A customer's instruction is any instruction given for the performance of construction work, including the building design document handed over by the customer to the contractor. Problems arise when the contractor, often out of ignorance, did not inform the customer about the risks and dangers associated with faulty or inappropriate instructions.

There are several examples of practice where the contractor had to construct the building on the basis of a building design document provided by the customer, but during the construction, it turned out that the design document contained design errors. Construction on the basis of a faulty building design document may result in a breach of contract by the contractor, which gives the customer the right to file various claims against the contractor. Therefore, it is relevant to ask where does the limit of liability of the contractor run if the instructions given by the customer prove to be faulty or inappropriate in retrospect?

The law provides for the rule that a building contractor, as a professional, must always check the instructions received from the customer before implementing them. The contractor must not 'blindly' follow the instructions given by the customer. This applies also to the building design document. If the contractor discovers design errors in the building design document, they must immediately inform the customer of those errors. The contractor must also explain to the customer the risks and dangers associated with design errors. The contractor shall be released from liability for a possible breach of contract only after the customer has been informed of the design errors and the customer confirms that they still wish to continue the building works according to this building design document.   

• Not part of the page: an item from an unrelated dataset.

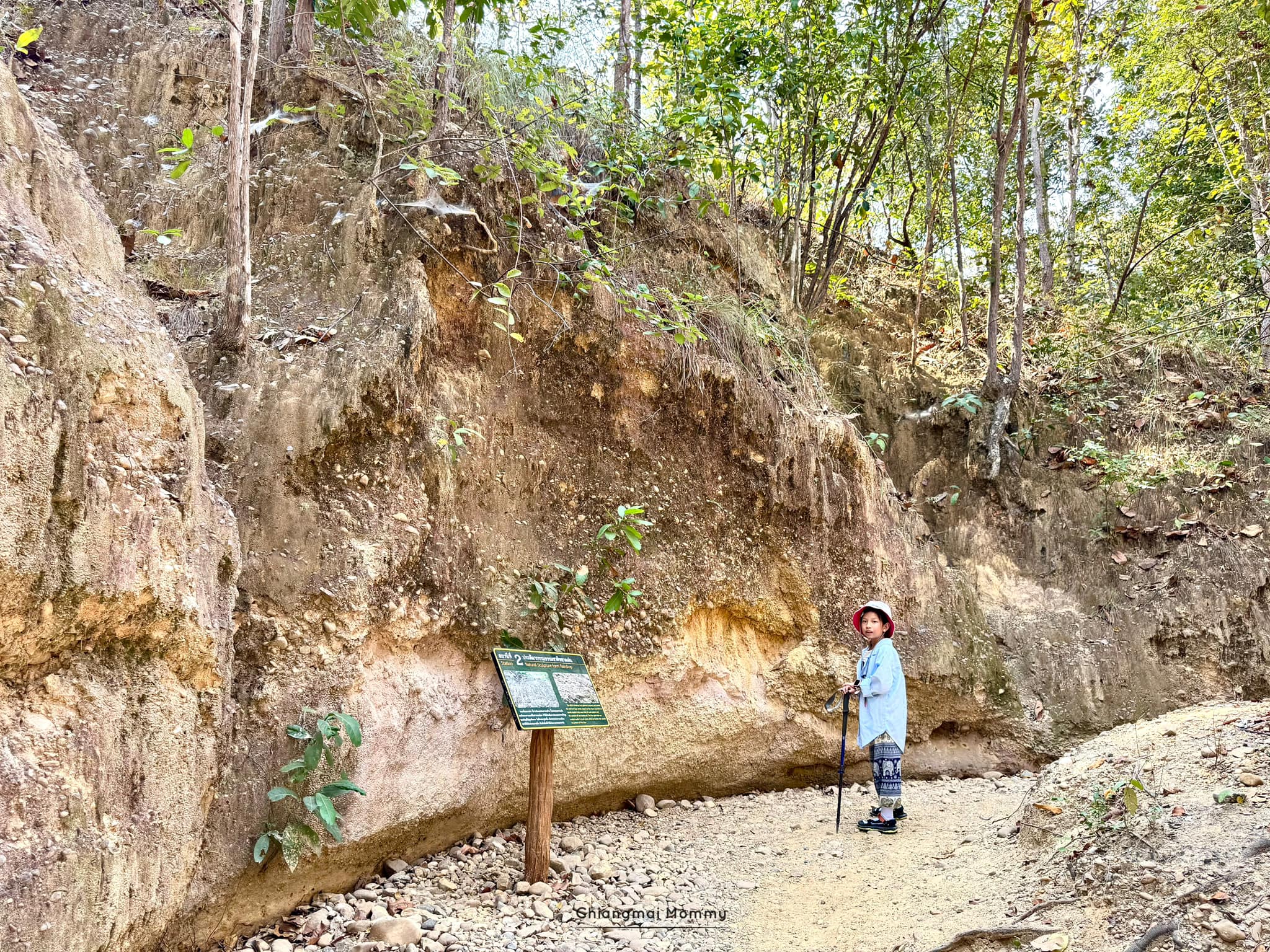 กิจกรรมเดินป่าศึกษาธรรมชาติของที่นี่ก็ว้าวค่ะ เป็นเรื่องธรณีวิทยาการเปลี่ยนแปลงของโลกตั้งแต่สมัยดึกดำบรรพ์เมื่อ 5 ล้านปีที่ผ่านมา ปริมปรางตื่นเต้นใหญ่ (แม้ว่าจะเคยมาแล้วก็เหอะ

However, the contractor should not resume the construction on the basis of a faulty building design document or instructions given by the customer (even if the customer has confirmed the wish to comply with them) if this results in a building that does not comply with the standards or is dangerous to the life and health. Thus, the contractor should not ignore the construction requirements, including safety requirements, arising from the legislation and the relevant construction standards. In its judgment of 30.11.2005 in civil case No 3-2-1-131-05, the Supreme Court has explained that although construction standards are not legal acts, i.e. are not of a mandatory nature, the safety requirements contained therein are mandatory.

When is the contractor responsible for design errors?

Detecting design errors may not be easy in practice. Often, specific errors in a building design document are revealed only during the construction and the expert assessment. In this situation, the courts have taken a slightly softer line towards the contractor. The courts have stated that, as a rule, the contractor must examine the design documentation to the extent that it would allow it to detect obvious design errors. However, the question of what is an 'obvious design error' depends on the individual case, and the parties to the contract may have a very different vision in this regard. In any event, the contractor is not expected to carry out an expert assessment of the design document unless such a requirement arises from the construction contract itself.

In addition, it should be borne in mind that even such design errors, the discovery of which could not reasonably be expected from the contractor, may not relieve him from responsibility for defective work. For example, a contractor is also responsible for defective work if, when building according to a faulty design, he violates the legislation and the mandatory technical regulations governing construction. The contractor must also ensure that the building work and the structure are safe, and this obligation is on the contractor even if the design submitted by the customer contains design errors.